### ACTIVITY
Below are lines of data, and only some are wanted. Please repeat exactly those from the line that has "검정콩에서 추출한 대두" through the line that has "Bu gece yapılacak".

### RECORDS FOR THIS TASK
::::::::
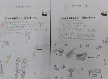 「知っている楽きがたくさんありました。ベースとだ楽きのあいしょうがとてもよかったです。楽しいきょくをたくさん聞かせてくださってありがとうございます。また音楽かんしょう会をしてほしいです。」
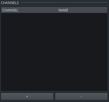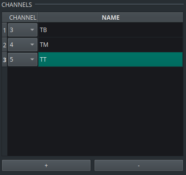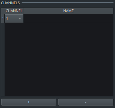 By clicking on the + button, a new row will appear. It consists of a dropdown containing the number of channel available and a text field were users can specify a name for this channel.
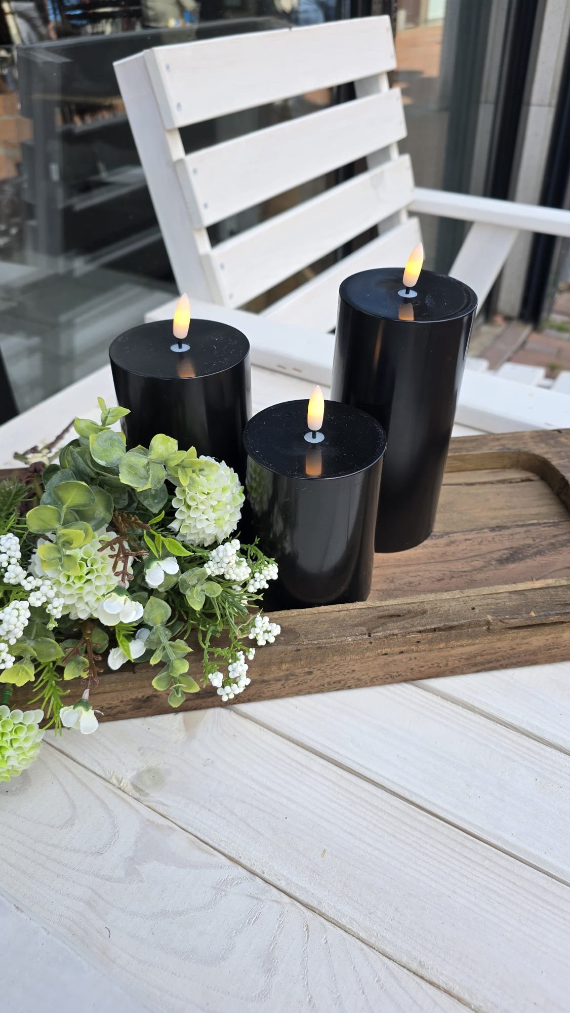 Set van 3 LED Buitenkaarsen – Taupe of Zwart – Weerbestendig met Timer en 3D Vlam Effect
::::::::
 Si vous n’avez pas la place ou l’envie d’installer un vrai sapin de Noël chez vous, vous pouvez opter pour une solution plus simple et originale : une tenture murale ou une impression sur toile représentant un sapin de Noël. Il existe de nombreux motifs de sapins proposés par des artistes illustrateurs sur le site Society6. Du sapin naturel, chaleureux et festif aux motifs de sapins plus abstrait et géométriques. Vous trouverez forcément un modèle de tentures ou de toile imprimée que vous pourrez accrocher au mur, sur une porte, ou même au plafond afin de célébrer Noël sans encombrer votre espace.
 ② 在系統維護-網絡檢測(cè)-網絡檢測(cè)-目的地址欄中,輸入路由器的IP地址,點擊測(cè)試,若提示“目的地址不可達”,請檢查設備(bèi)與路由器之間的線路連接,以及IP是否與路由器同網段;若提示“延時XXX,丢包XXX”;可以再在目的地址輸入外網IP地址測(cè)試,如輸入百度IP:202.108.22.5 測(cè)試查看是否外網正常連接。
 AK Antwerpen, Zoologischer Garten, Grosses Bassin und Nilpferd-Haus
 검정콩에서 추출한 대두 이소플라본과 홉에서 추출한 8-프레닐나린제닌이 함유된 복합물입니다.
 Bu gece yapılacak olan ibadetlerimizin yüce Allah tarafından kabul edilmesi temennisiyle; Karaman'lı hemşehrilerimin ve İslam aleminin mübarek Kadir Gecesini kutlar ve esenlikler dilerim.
::::::::
### RESPONSE BOX
 검정콩에서 추출한 대두 이소플라본과 홉에서 추출한 8-프레닐나린제닌이 함유된 복합물입니다.
 Bu gece yapılacak olan ibadetlerimizin yüce Allah tarafından kabul edilmesi temennisiyle; Karaman'lı hemşehrilerimin ve İslam aleminin mübarek Kadir Gecesini kutlar ve esenlikler dilerim.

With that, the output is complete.